Nein, das ist nicht das Problem. Meine zuständigen Mitarbeiter aus dem Denkmalschutz sind immer daran interessiert, gemeinsam mit dem Eigentümer zu einer Lösung zu kommen – denn wir möchten, dass die alten Gebäude genutzt werden. Wir sagen nur dann Nein, wenn es unvermeidlich ist. Das gilt zum Beispiel bei Kunststofffenstern in alten Fachwerkhäusern oder wenn ein historisches Gebäude komplett entkernt werden soll.

Wenn es nicht am Denkmalschutz liegt - was ist dann der Grund für den Leerstand?
Leerstand ist kein spezielles Problem in Einbeck, sondern weit verbreitet in kleinen Städten. Ein wichtiger Grund ist, dass so viele junge Menschen wegziehen – zum Beispiel an die Hochschulstandorte. Als zweiten großen Faktor sehe ich den Sanierungsstau im Fachwerk. Etliche Eigentümer haben über längere Zeit nicht ausreichend investiert, so dass sich die Kosten einer Instandsetzung immer höher aufgetürmt haben. In solchen Fällen scheuen oft auch die Erben vor den hohen Investitionen zurück und nehmen lieber Leerstand in Kauf.

Was kann Einbeck dagegen tun?
Eine wichtige Initiative sind die Sch(l)aufenster. Die dekorierten Auslagen haben schon in verschiedenen Fällen dazu beigetragen, dass in leerstehenden Räumen wieder ein Geschäft eröffnet hat. Ein neues Konzept ist aus dem Fachwerk-Fünfeck entstanden: Gemeinsam mit den Partnern hat die Stadt vor kurzem Fördermittel für einen Quartiersmanager beantragt, der sich um die Innenstädte von Einbeck, Northeim, Duderstadt, Hann. Münden und Osterode kümmern soll. Wir sind zuversichtlich, dass wir die Fördermittel bekommen.

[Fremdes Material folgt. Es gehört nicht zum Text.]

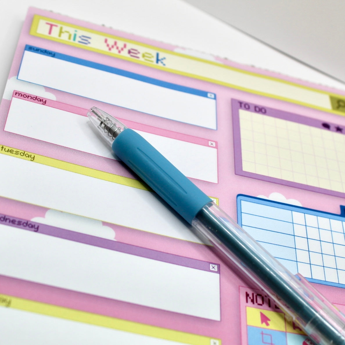 This cute hand drawn planner features bright colors across all 52 identical pages. It has a section for daily planning, habit tracking, to dos, and notes. It has a retro computer inspired design with pop-up like boxes for each day of the week. Text on this notepad is done in 8 bit style.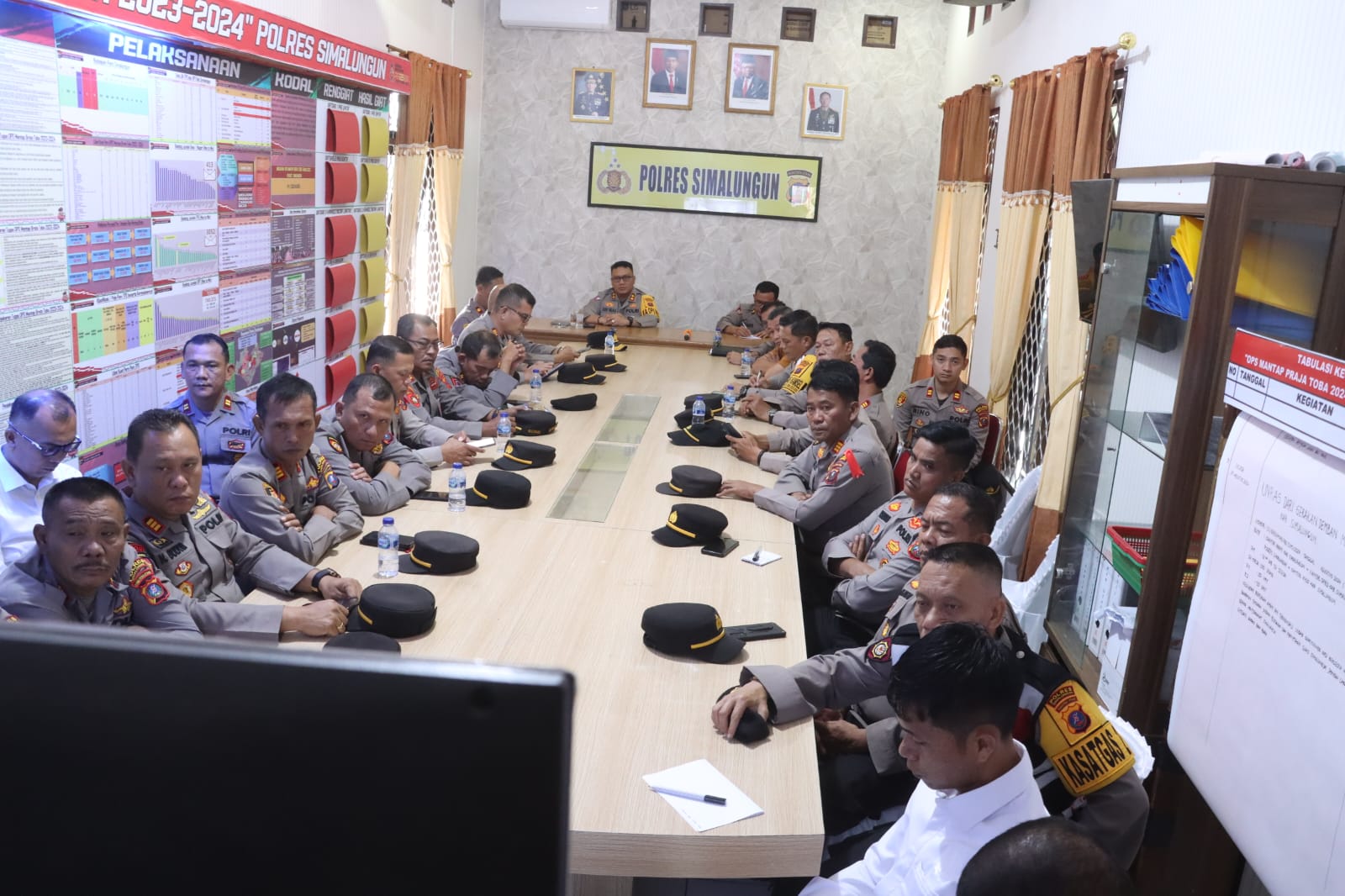 JURNALPOLRI.COM- Simalungun- Sumut- 28 Agustus 2024 – Kapolres Simalungun AKBP Choky Sentosa Meliala, S.I.K., S.H., M.H., bersama jajarannya mengikuti arahan dari Kapolda Sumatera Utara, Inspektur Jenderal (Irjen) Whisnu Hermawan Februanto, S.I.K., M.H., dalam rangka Analisa Evaluasi (Anev) Pelaksanaan Operasi HATRA TOBA 2024 untuk pengamanan PON XXI Tahun 2024 yang dilaksanakan di Aceh dan Sumatera Utara. Kegiatan ini berlangsung pada Rabu, 28 Agustus 2024, pukul 10.00 WIB secara virtual, bertempat di Lapangan Apel Mako Polres Simalungun, Jalan Jhon Horailam Saragih, Pamatang Raya, Kecamatan Raya, Kabupaten Simalungun.

Was genau soll der Quartiersmanager tun?

Das kann von Stadt zu Stadt unterschiedlich sein. In Einbeck wird es darum gehen, mit den Besitzern leerstehender Innenstadt-Immobilien ins Gespräch zu kommen. Bei Interesse soll der Quartiersmanager eine Erstberatung durch einen Architekten vermitteln, der eine grobe Schätzung des Investitionsbedarfs liefert. Auch über Fördermöglichkeiten könnte der Quartiersmanager informieren. Was viele Eigentümer nicht wissen: In großen Teilen der Innenstadt sind Zuschüsse für die Instandhaltung von Fachwerkhäusern möglich.

Seit Anfang 2019 ist Joachim Mertens Baudirektor der Stadt Einbeck. 

Welche Voraussetzungen müssen erfüllt sein?
Vereinfacht gesagt gibt es zwei Bedingungen. Erstens: Das Haus muss sich im Sanierungsgebiet Neustadt - Möncheplatz befinden. Zweitens: Eine Förderung kann es nur für so genannte nicht rentierliche Investitionen geben. Das sind Ausgaben, die der Besitzer nicht über höhere Einnahmen zurückbekommt – etwa in Form einer höheren Miete.

Müssten die Stadt und die kommunalen Unternehmen nicht selbst mehr tun, um leerstehende Häuser in der Innenstadt zu nutzen?

Ich gebe zu: Da ist Luft nach oben. Auch deshalb ist geplant, dass der Quartiersmanager sein Einbecker Büro direkt in der Innenstadt einrichten soll.